ASSIGNMENT: Please repeat only the lines below starting at the line that holds "เปิดสัมมนาเครือข่ายการแนะแนวอาชีพ ปี 63" and ending at the line that holds "給食の時間です。栄養士は毎日", exactly, with both of those lines included and every picture omitted.

*** DATASET EXTRACT Section Begins ***

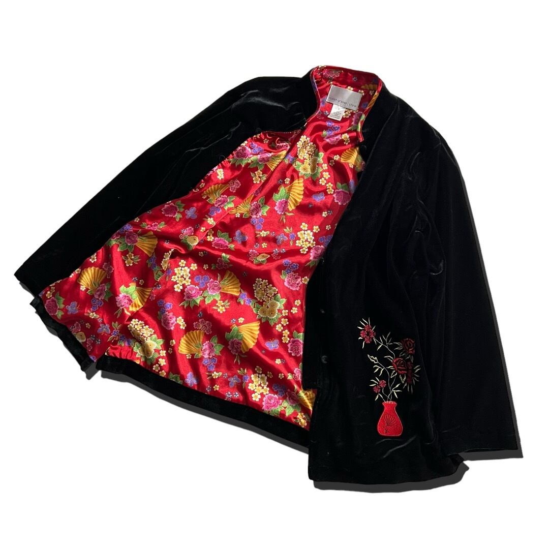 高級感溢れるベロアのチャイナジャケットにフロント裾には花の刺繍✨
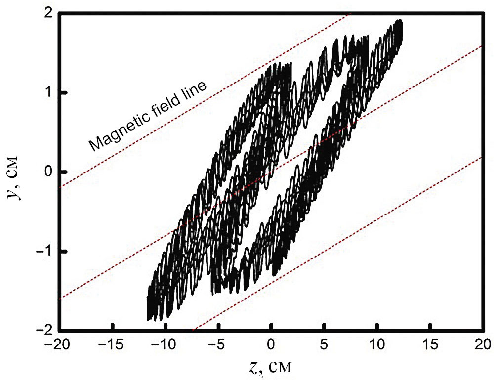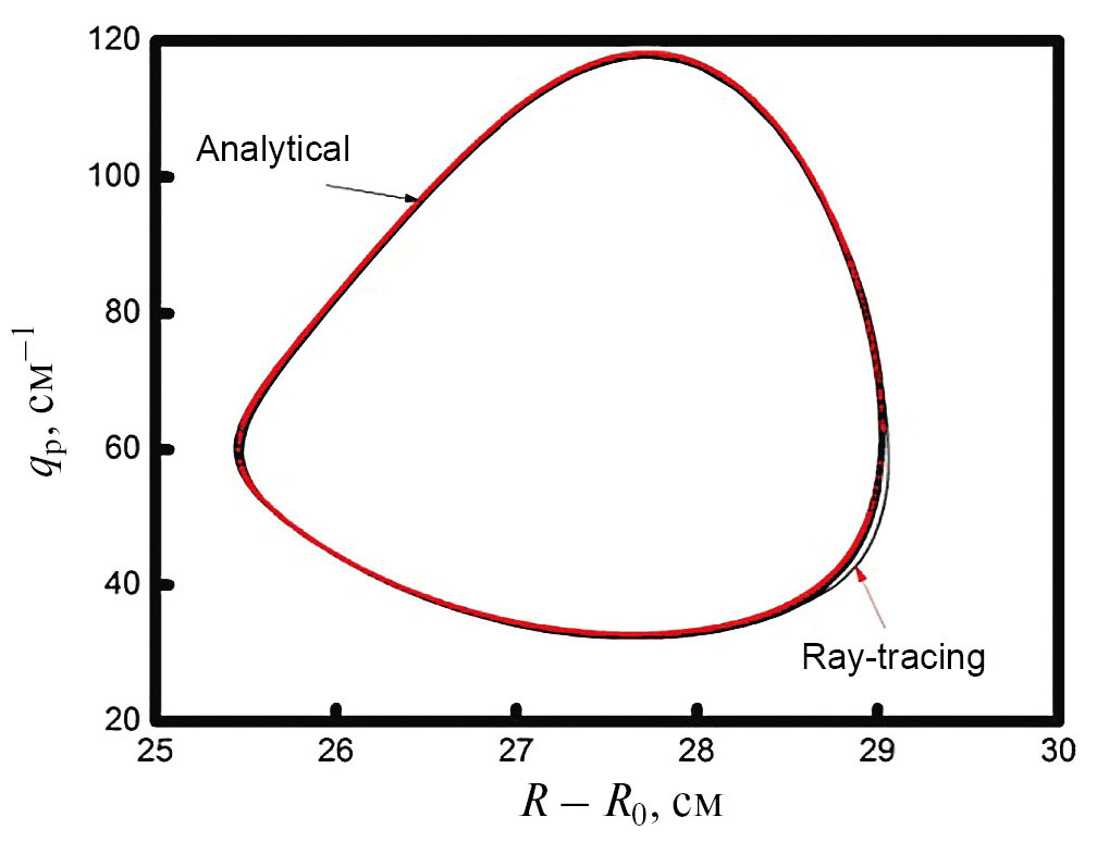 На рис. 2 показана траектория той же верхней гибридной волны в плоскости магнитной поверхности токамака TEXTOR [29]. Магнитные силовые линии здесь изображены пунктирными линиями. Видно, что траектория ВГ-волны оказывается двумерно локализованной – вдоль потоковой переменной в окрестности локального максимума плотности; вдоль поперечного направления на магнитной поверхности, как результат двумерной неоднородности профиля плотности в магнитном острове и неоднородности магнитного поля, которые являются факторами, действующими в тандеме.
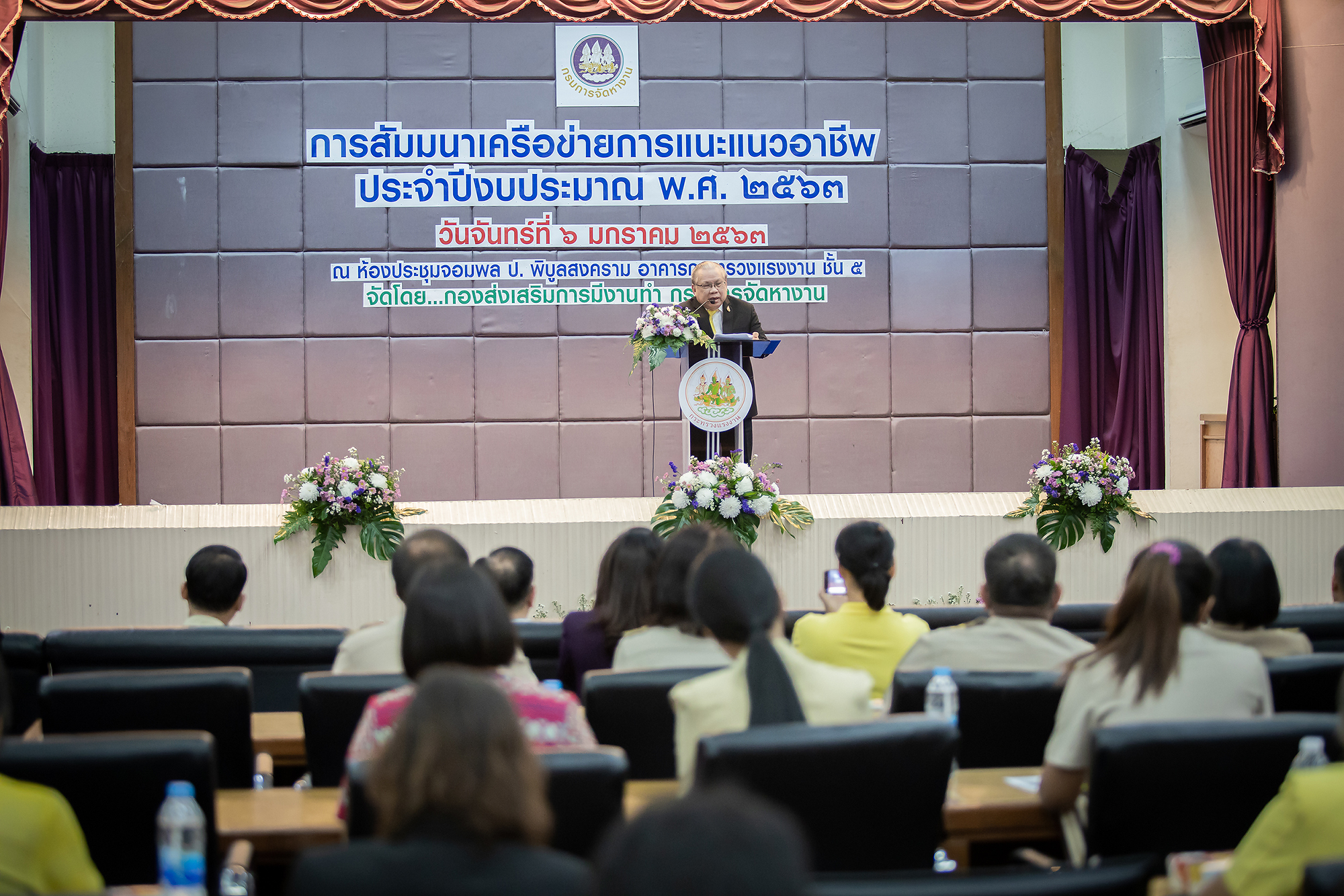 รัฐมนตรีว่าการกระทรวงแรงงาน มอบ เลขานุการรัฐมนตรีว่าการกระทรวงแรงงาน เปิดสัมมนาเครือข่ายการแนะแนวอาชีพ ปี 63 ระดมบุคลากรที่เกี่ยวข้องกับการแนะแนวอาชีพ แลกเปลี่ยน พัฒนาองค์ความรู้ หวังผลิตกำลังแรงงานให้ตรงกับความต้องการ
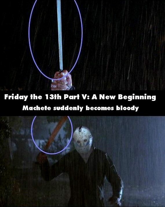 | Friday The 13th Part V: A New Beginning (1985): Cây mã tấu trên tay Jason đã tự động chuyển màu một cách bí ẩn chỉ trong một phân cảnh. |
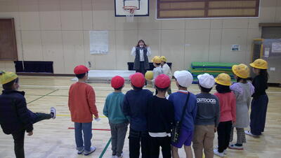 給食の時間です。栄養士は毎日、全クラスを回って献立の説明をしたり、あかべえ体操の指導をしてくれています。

*** DATASET EXTRACT Section Ends ***
*** DATASET EXTRACT Section Begins ***

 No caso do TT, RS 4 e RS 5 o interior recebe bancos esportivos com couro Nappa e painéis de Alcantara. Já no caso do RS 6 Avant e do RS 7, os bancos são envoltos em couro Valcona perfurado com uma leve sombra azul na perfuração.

*** DATASET EXTRACT Section Ends ***

RESULT OF THIS TASK:
 รัฐมนตรีว่าการกระทรวงแรงงาน มอบ เลขานุการรัฐมนตรีว่าการกระทรวงแรงงาน เปิดสัมมนาเครือข่ายการแนะแนวอาชีพ ปี 63 ระดมบุคลากรที่เกี่ยวข้องกับการแนะแนวอาชีพ แลกเปลี่ยน พัฒนาองค์ความรู้ หวังผลิตกำลังแรงงานให้ตรงกับความต้องการ
 | Friday The 13th Part V: A New Beginning (1985): Cây mã tấu trên tay Jason đã tự động chuyển màu một cách bí ẩn chỉ trong một phân cảnh. |
 給食の時間です。栄養士は毎日、全クラスを回って献立の説明をしたり、あかべえ体操の指導をしてくれています。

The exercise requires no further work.